AT&T Admits Data Breach Impacted “Nearly All” Customers

AT&T has admitted to a second security incident so far this year, after a data breach that took place in 2022 and early 2023 impacted “nearly all” its customers.

In March this year AT&T had confirmed it was investigating a cyber incident, after it had come “to our attention that a number of AT&T passcodes have been compromised.”

At the time, it indicated that approximately 7.6 million current account holders had been impacted by the leak, with a total of 65.4 million former account holders affected.

AT&T reset the passcodes of the 7.6 million account holders.

Second incident

But a second breach that impacted 109 million customers was discovered shortly after this on 19 April 2024, which was unrelated to its earlier security incident in March.

The American carrier stated in an update disclosure on Friday that “based on our investigation, the compromised data includes files containing AT&T records of calls and texts of nearly all of AT&T’s cellular customers, customers of mobile virtual network operators (MVNOs) using AT&T’s wireless network, as well as AT&T’s landline customers who interacted with those cellular numbers between May 1, 2022 – October 31, 2022.”

It added that the “compromised data also includes records from January 2, 2023, for a very small number of customers.” It did not specify how many customers this 2023 breach has impacted.

The stolen data does not contain the content of calls or texts, personal information such as Social Security numbers, dates of birth, or other personally identifiable information, said the carrier.

It also does not include some typical information a customer would see in their usage details, such as the time stamp of calls or texts.

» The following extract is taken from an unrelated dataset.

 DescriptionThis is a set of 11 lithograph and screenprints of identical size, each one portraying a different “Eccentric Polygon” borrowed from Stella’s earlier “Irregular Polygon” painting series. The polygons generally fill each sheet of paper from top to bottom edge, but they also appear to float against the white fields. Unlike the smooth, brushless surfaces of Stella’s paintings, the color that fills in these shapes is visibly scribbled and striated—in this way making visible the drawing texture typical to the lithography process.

While the data does not include customer names, there are often ways, using publicly available online tools, to find the name associated with a specific telephone number, the carrier admitted.

“At this time, we do not believe that the data is publicly available,” stated the carrier. “Our top priority, as always, is our customers. We will provide notice to current and former customers whose information was involved along with resources to help protect their information.”

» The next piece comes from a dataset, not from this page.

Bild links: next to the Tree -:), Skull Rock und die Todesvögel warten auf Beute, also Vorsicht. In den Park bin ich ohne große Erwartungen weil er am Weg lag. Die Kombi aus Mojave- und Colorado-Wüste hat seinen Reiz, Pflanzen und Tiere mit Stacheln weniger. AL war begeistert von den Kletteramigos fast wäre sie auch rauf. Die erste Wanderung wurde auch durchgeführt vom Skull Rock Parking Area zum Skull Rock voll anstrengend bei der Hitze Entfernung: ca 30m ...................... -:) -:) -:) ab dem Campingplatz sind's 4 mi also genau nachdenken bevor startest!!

“We sincerely regret this incident occurred and remain committed to protecting the information in our care. Customers can visit att.com/DataIncident for more information.

One arrest

It added it is working with law enforcement on the matter, most notably the FBI.

The carrier has confirmed to a number of media outlets, including Reuters, that 109 million customer accounts containing records of calls and texts from 2022 were illegally downloaded.

Media outlets also state that at least one person has been arrested after AT&T call logs were copied from a workspace on a third-party cloud platform.

The FBI has reportedly said it worked with AT&T and the Justice Department “collaboratively through the first and second delay process, all while sharing key threat intelligence to bolster FBI investigative equities and to assist AT&T’s incident response work.”

The Federal Communications Commission said it is also has an ongoing investigation.